FOM: second-order logic is a myth

Charles Silver csilver at
Wed Mar 10 12:40:23 EST 1999

On Wed, 10 Mar 1999, Pat Hayes wrote:

> Charlie Silver writes:
> >	To me, the major point that separates (intuitive) quantification
> >from set theory is that you can say "for all x..." without implying that
> >the x's must be *in* something.  For example, take: "All Canada geese fly
> >south for the winter."  I don't think anything in this statement implies
> >that in addition to there being some number of geese there is also a *set*
> >of geese.
> Surely it isn't proper to think of a set as a container.  

	I'm sorry if my terminology obscured my point.

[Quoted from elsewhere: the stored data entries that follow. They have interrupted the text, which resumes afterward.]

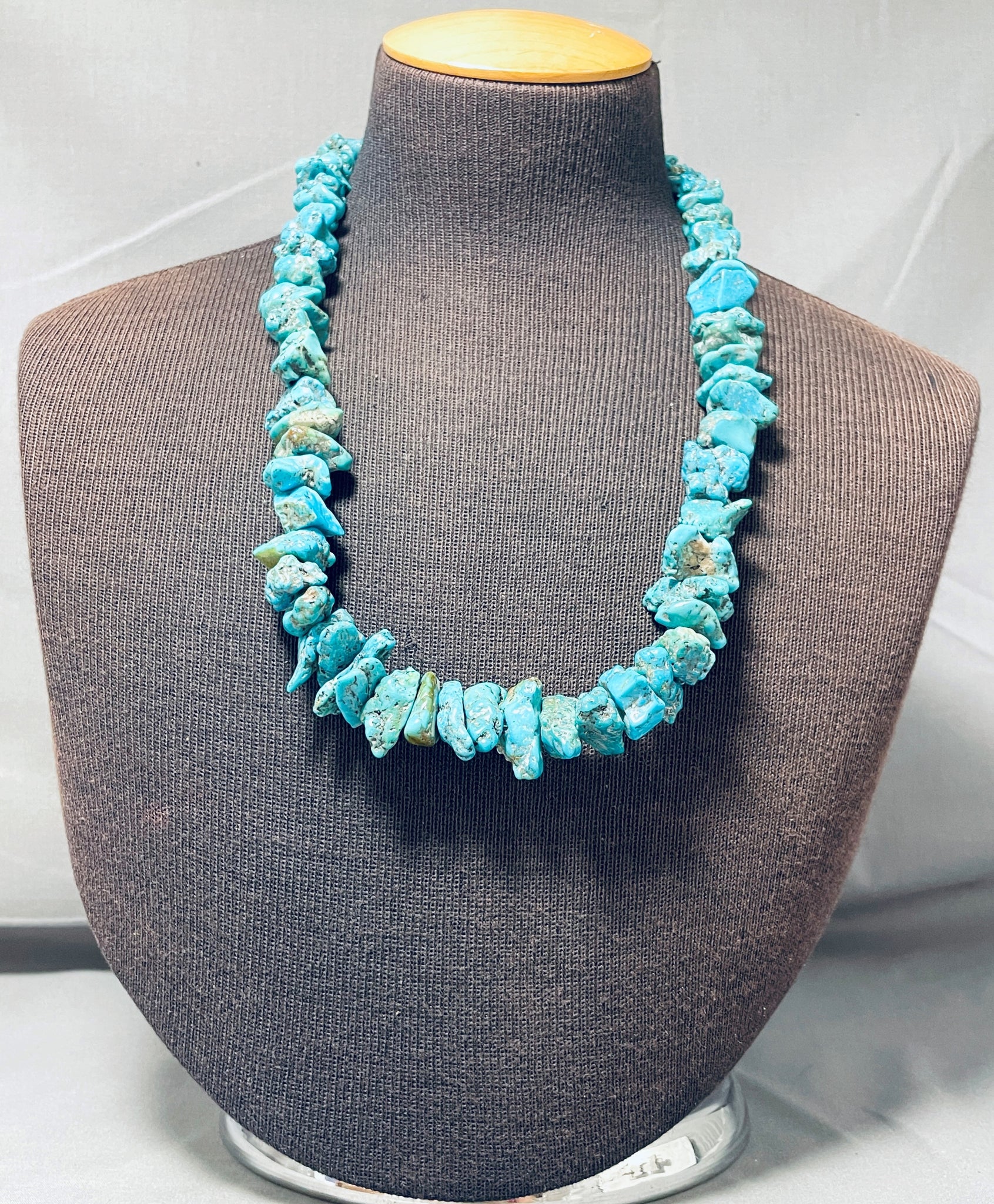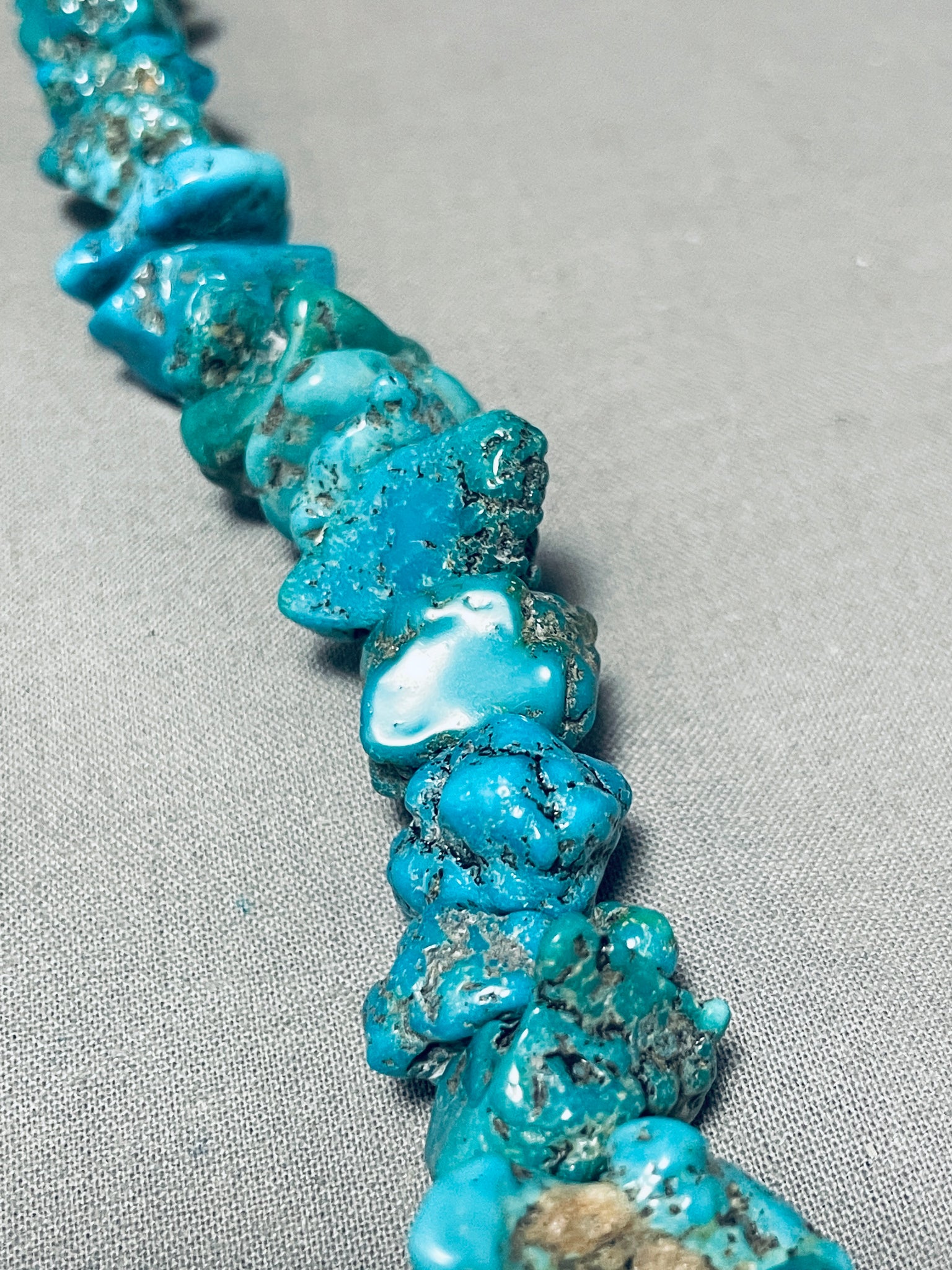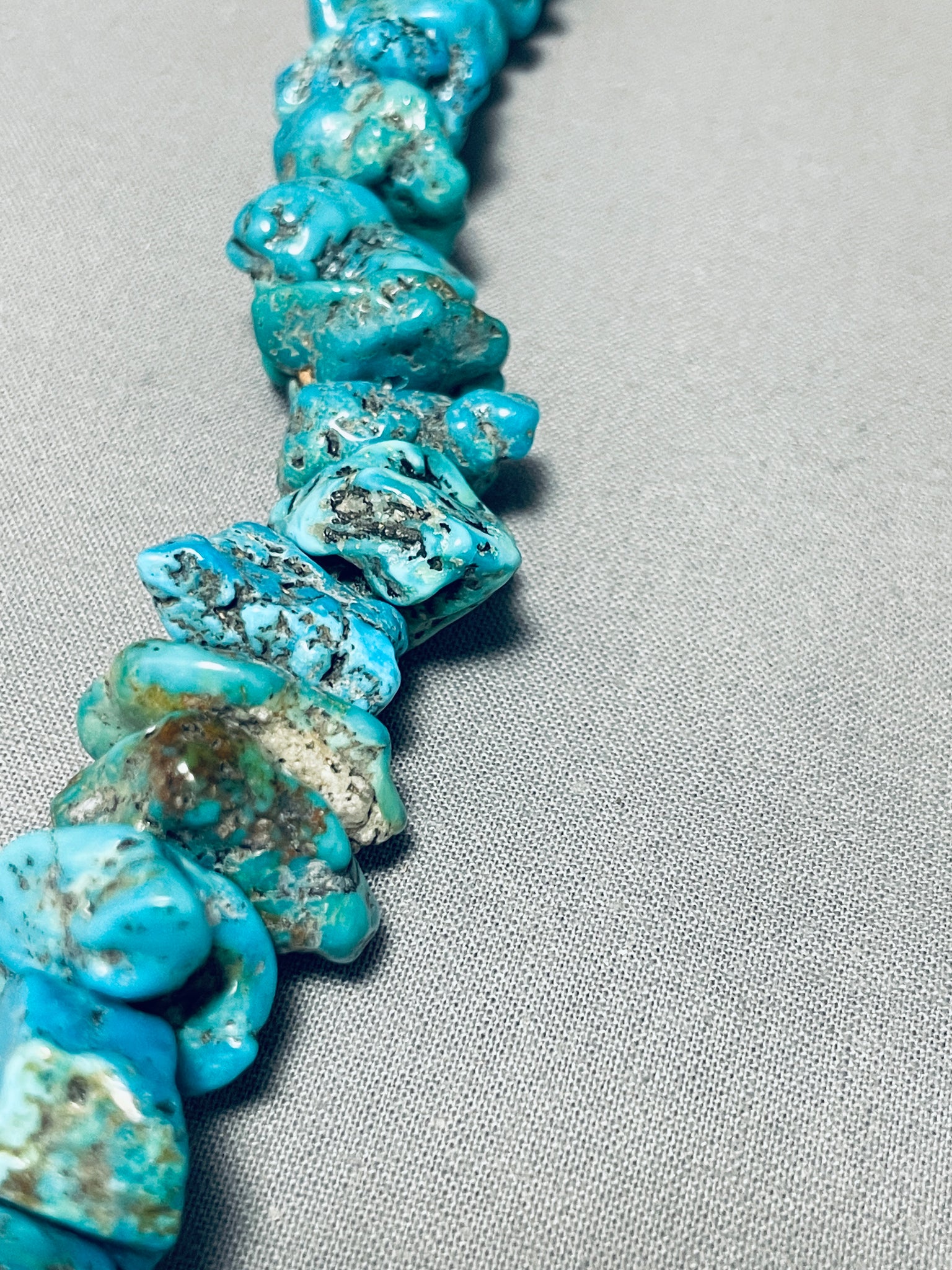 180 Gram Vintage Native American Navajo Chunky Nugget Turquoise Sterling Silver Necklace
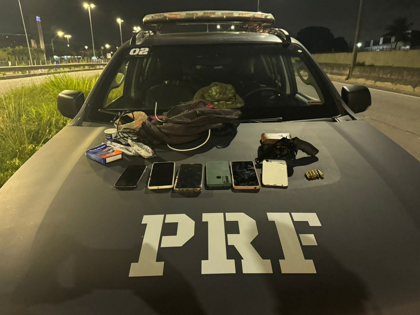Os suspeitos estavam em um veículo Chevrolet/Cobalt quando foram abordados pelos agentes. Durante a revista, a PRF encontrou um revólver, cinco munições e um celular registrado como produto de roubo.
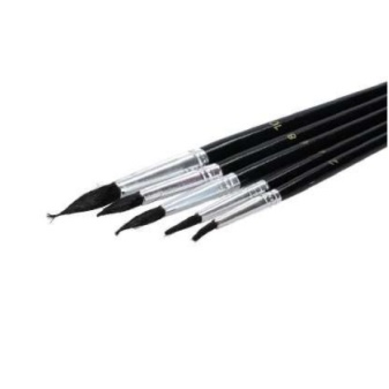 Praktická sada retušovacích štetcov z prírodných štetín, na veľmi drobné a presné opravy defektov laku, s čiernymi štetinami, kovovým uzáverom a čiernou lakovanou rukoväťou. Perfektné na bodové nanášanie laku tak aj na odstraňovanie malých poškodení
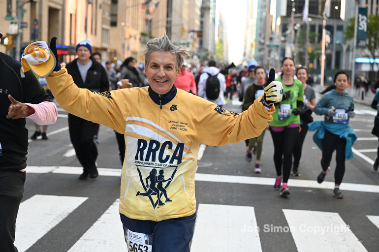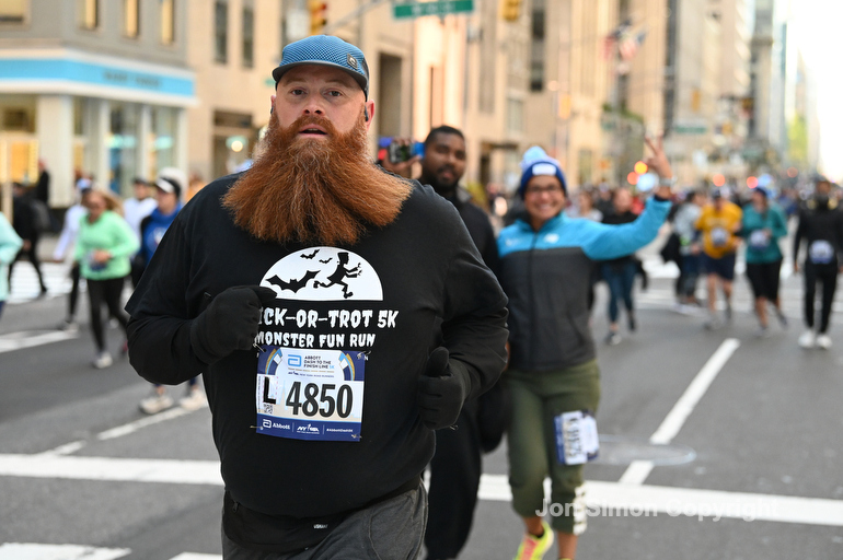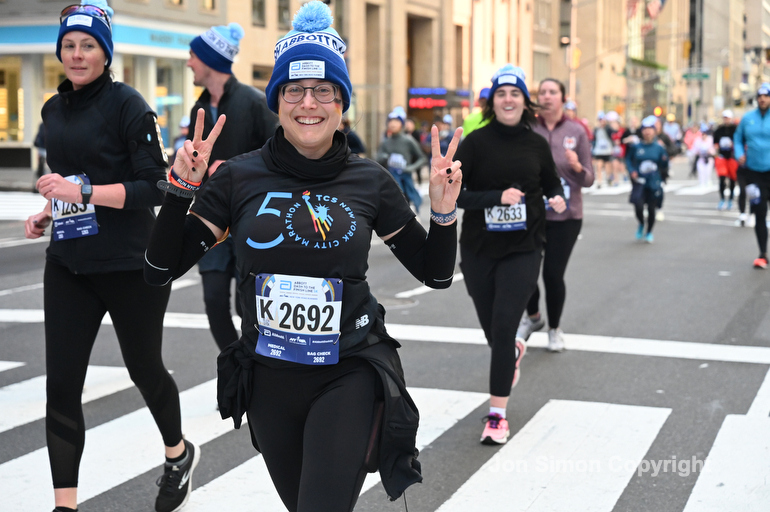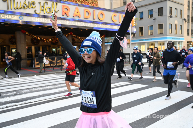 New York City Marathon 21 “Abbott Dash to the Finish” 11/6/21. A sea of runners take to the streets of Manhattan for the 5K race. The race is the warmup event one day before the NYC Marathon. Runners start at the United Nations and run to the Marathon finish line in Central Park. Here the runners run up 6th Avenue past the Radio City Music Hall.
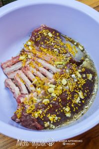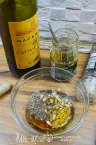 - Смешайте все ингредиенты для маринада (чеснок порубите или пропустите через пресс).

Robert Black also
called attention to the fact that 'container' is not a good term.  Perhaps
I can state it better this way:  There's a difference between quantifying
over some number of objects and quantifying over a *set* of objects.  My
example concerned Canada geese and the notion that they could be
quantified over.  Ask yourself whether the geese must be in a *set* prior
to being quantified over.  I think they don't.  They don't have to be "in" 
anything.  They don't even have to be "lassoed," to use a notion
attributed to Kripke.  Set theory is concerned with whether certain sets
exist.  For example, a choice set.  I asked whether there's a theory that
has much of the strength of set theory but doesn't require that the
objects be *in* something.  Robert Black suggested mereology may be one
such theory.  I haven't looked into this yet.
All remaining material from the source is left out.